▶ [What to produce]: With every picture left out, give the data below back exactly.

▶ [Task inputs]:
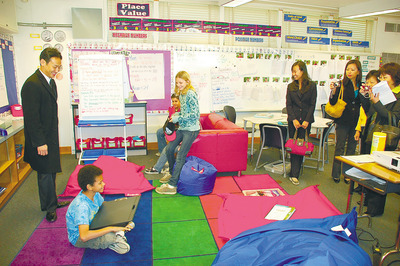中新网11月25日电 据美国《世界日报》报道,来自北京语言大学的多位“对外汉语”工作学者,日前考察圣地亚哥巴纳德小学的中文教育,与韩裔校长朴东彬及师生切磋经验。
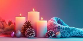 Cozy Winter Scene. Burning candles, pine cones, and a blue scarf create a warm and inviting atmosphere. Perfect for holiday, winter, and home decor themes.
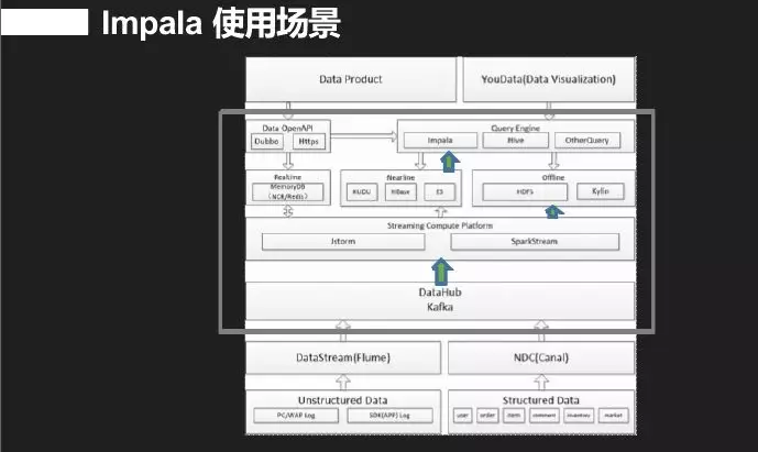 Impala应用场景介绍,上图是一个部门大数据平台架构,从kafka数据到HDFS,结构化到半结构化这是数据的接入。经过数据清洗,再接入到上层,上层应用了ES存储,最上面就直接用impala来进行查询,这基本就是分析系统的框架。
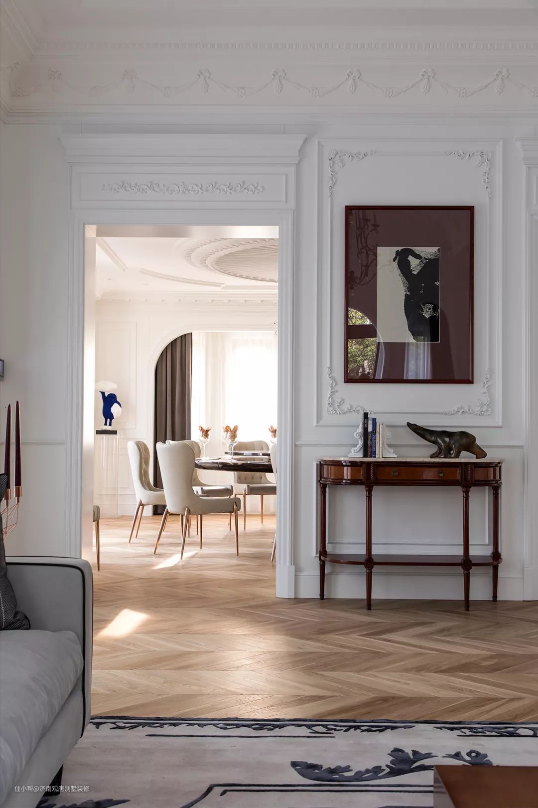 会客区域充满了仪式感,每一个饰品搭配,女业主都是化了很多的心思,软装搭配上也非常富有层次感。大块的巴洛克风格地毯,使整个会客室包裹了一层典雅气息,由于地毯的图案做了简化处理,神似形不似,所以铺在拼花木地板上,只增加韵味,不喧宾夺主
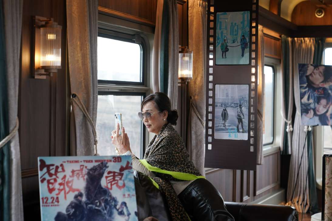4月19日,“跟着电影游中国”电影主题旅游专列“伊春号”从哈尔滨正式发车,游客乘坐专列感受中国电影精彩旅程。(图片来源:中新社)
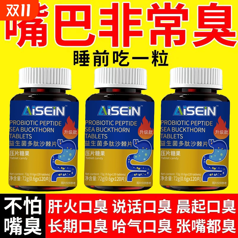益生菌多肽沙棘片口臭空气肠胃女士男士口腔异味胃火重嘴巴臭调理
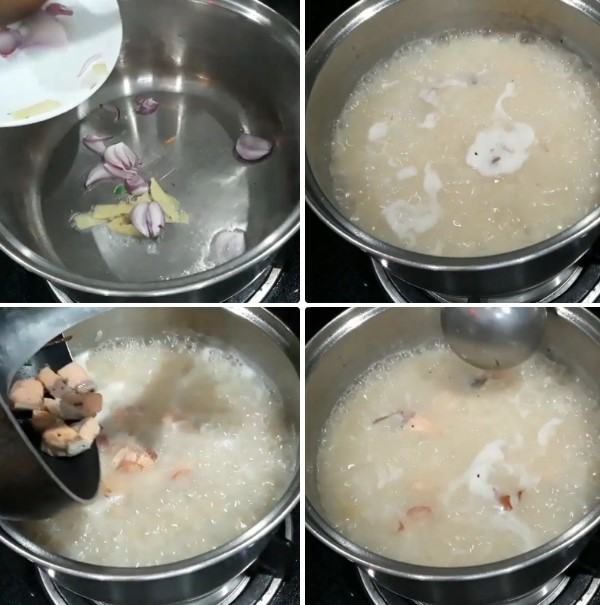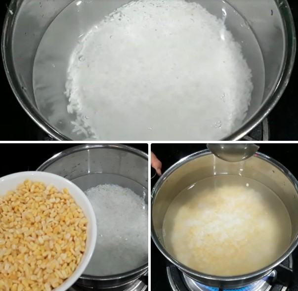 Đỗ xanh, gạo nếp, gạo tẻ ngâm chừng 20p. Rang vàng thơm rồi đem xay, không xay quá mịn. Đem nấu cùng nước dùng xương heo/gà/cá. Khuấy liên tục vì gạo xay dễ khê hơn gạo hạt.
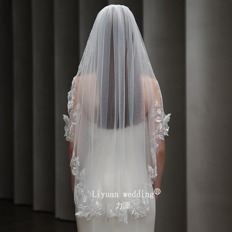 レース感がエレガントなミドル丈のウェディングベール。
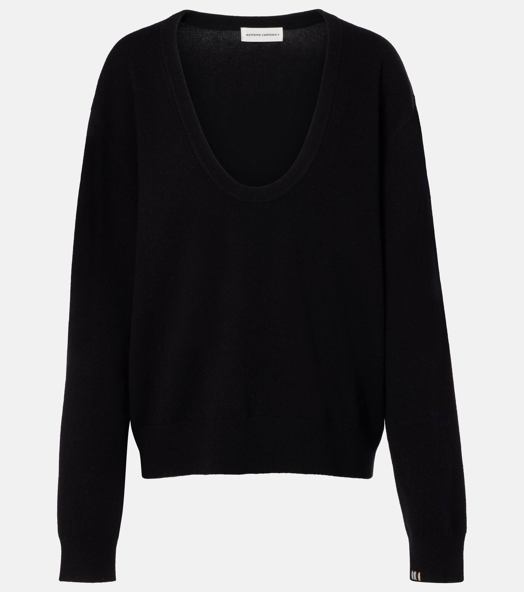 Garments from Extreme Cashmere are timeless, minimalist and beautifully made. The N°424 Jacob sweater is crafted from a soft cashmere blend and finished with classic ribbed cuffs and hem. Product Details - Material: 88% cashmere, 10% nylon, 2% elastane - Care instructions: machine wash at 30 degrees - Made in China - Designer color name: Raven - Item color: black - Cuff: ribbed - Hem: ribbed - Item number: P01084902 Size & Fit - True to size - One size: perfect fit for sizes XS-XL - Dropped shoulders - Designed for a loose fit - Stretchy fabric - Falls to the hip - One size
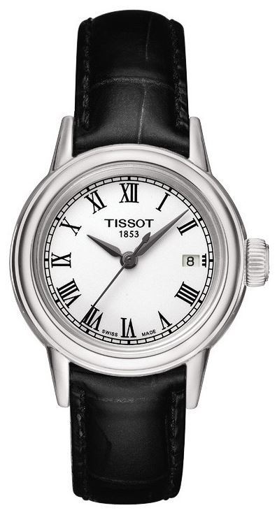 Model: T085.210.16.013.00 - CASE = [Material:Stainless Steel], [Case Diameter:28.5], [Case Thickness:8.2mm], [Bezel:Fixed], [Case Back:Solid], [Water Resistant:30 Meters - 100 Feet], [Crystal:Scratch Resistant Sapphire], DIAL = [Color:White with Roman Numerals], MOVEMENT = [Type:Quartz], BAND = [Clasp:Tang], [Type:Black Leather], (Usually ships in 1 to 2 weeks.)
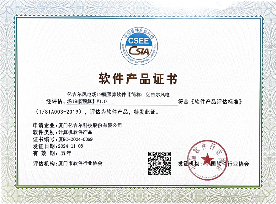 億吉爾風電場19軟件產品證書
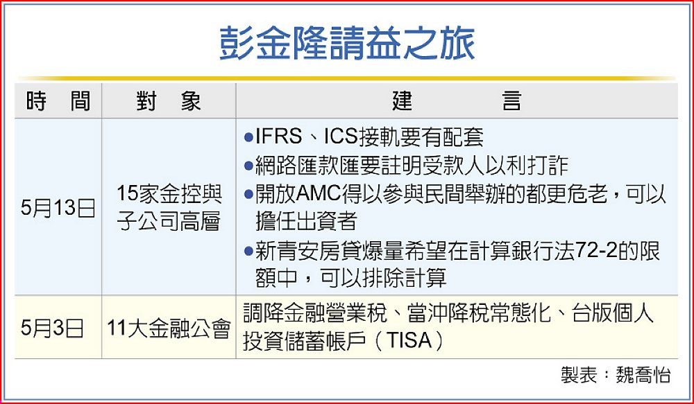 520將上任的準金管會主委彭金隆請益之旅,13日再與15家金控有約,會議進行約2個半小時。圖/本報資料照片
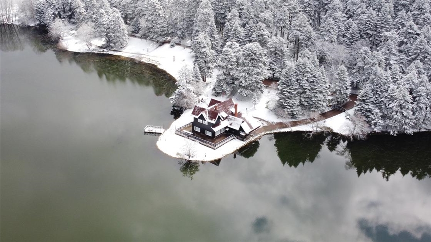 Bolu'nun doğal güzellikleriyle ünlü Gölcük ve Abant tabiat parklarında kar aralıklarla devam ediyor.
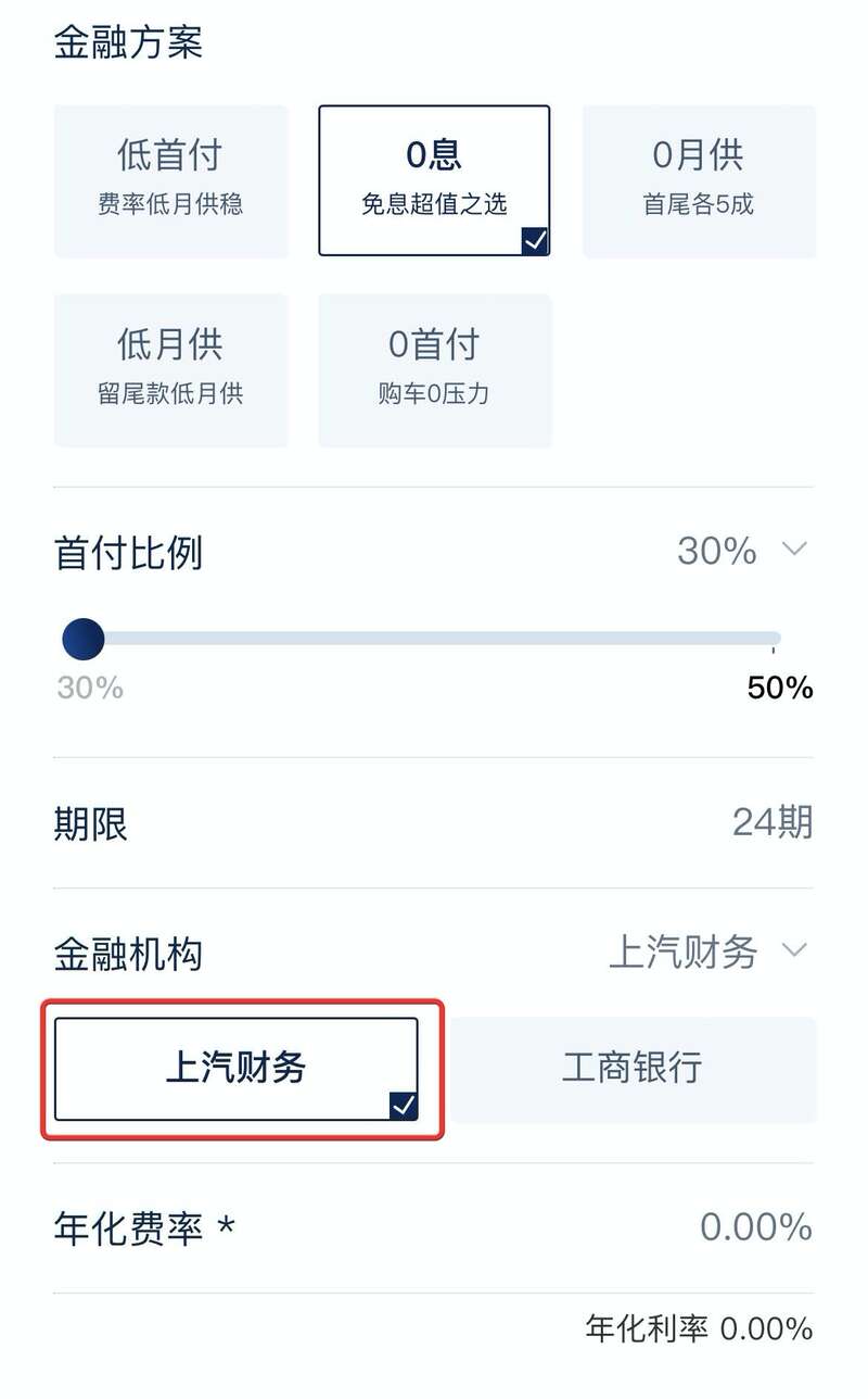 提供金融服务的有上汽财务和工商银行 图源飞凡汽车app

▶ [Output for this task]:
中新网11月25日电 据美国《世界日报》报道,来自北京语言大学的多位“对外汉语”工作学者,日前考察圣地亚哥巴纳德小学的中文教育,与韩裔校长朴东彬及师生切磋经验。
 Cozy Winter Scene. Burning candles, pine cones, and a blue scarf create a warm and inviting atmosphere. Perfect for holiday, winter, and home decor themes.
 Impala应用场景介绍,上图是一个部门大数据平台架构,从kafka数据到HDFS,结构化到半结构化这是数据的接入。经过数据清洗,再接入到上层,上层应用了ES存储,最上面就直接用impala来进行查询,这基本就是分析系统的框架。
 会客区域充满了仪式感,每一个饰品搭配,女业主都是化了很多的心思,软装搭配上也非常富有层次感。大块的巴洛克风格地毯,使整个会客室包裹了一层典雅气息,由于地毯的图案做了简化处理,神似形不似,所以铺在拼花木地板上,只增加韵味,不喧宾夺主
4月19日,“跟着电影游中国”电影主题旅游专列“伊春号”从哈尔滨正式发车,游客乘坐专列感受中国电影精彩旅程。(图片来源:中新社)
益生菌多肽沙棘片口臭空气肠胃女士男士口腔异味胃火重嘴巴臭调理
 Đỗ xanh, gạo nếp, gạo tẻ ngâm chừng 20p. Rang vàng thơm rồi đem xay, không xay quá mịn. Đem nấu cùng nước dùng xương heo/gà/cá. Khuấy liên tục vì gạo xay dễ khê hơn gạo hạt.
 レース感がエレガントなミドル丈のウェディングベール。
 Garments from Extreme Cashmere are timeless, minimalist and beautifully made. The N°424 Jacob sweater is crafted from a soft cashmere blend and finished with classic ribbed cuffs and hem. Product Details - Material: 88% cashmere, 10% nylon, 2% elastane - Care instructions: machine wash at 30 degrees - Made in China - Designer color name: Raven - Item color: black - Cuff: ribbed - Hem: ribbed - Item number: P01084902 Size & Fit - True to size - One size: perfect fit for sizes XS-XL - Dropped shoulders - Designed for a loose fit - Stretchy fabric - Falls to the hip - One size
 Model: T085.210.16.013.00 - CASE = [Material:Stainless Steel], [Case Diameter:28.5], [Case Thickness:8.2mm], [Bezel:Fixed], [Case Back:Solid], [Water Resistant:30 Meters - 100 Feet], [Crystal:Scratch Resistant Sapphire], DIAL = [Color:White with Roman Numerals], MOVEMENT = [Type:Quartz], BAND = [Clasp:Tang], [Type:Black Leather], (Usually ships in 1 to 2 weeks.)
 億吉爾風電場19軟件產品證書
 520將上任的準金管會主委彭金隆請益之旅,13日再與15家金控有約,會議進行約2個半小時。圖/本報資料照片
 Bolu'nun doğal güzellikleriyle ünlü Gölcük ve Abant tabiat parklarında kar aralıklarla devam ediyor.
 提供金融服务的有上汽财务和工商银行 图源飞凡汽车app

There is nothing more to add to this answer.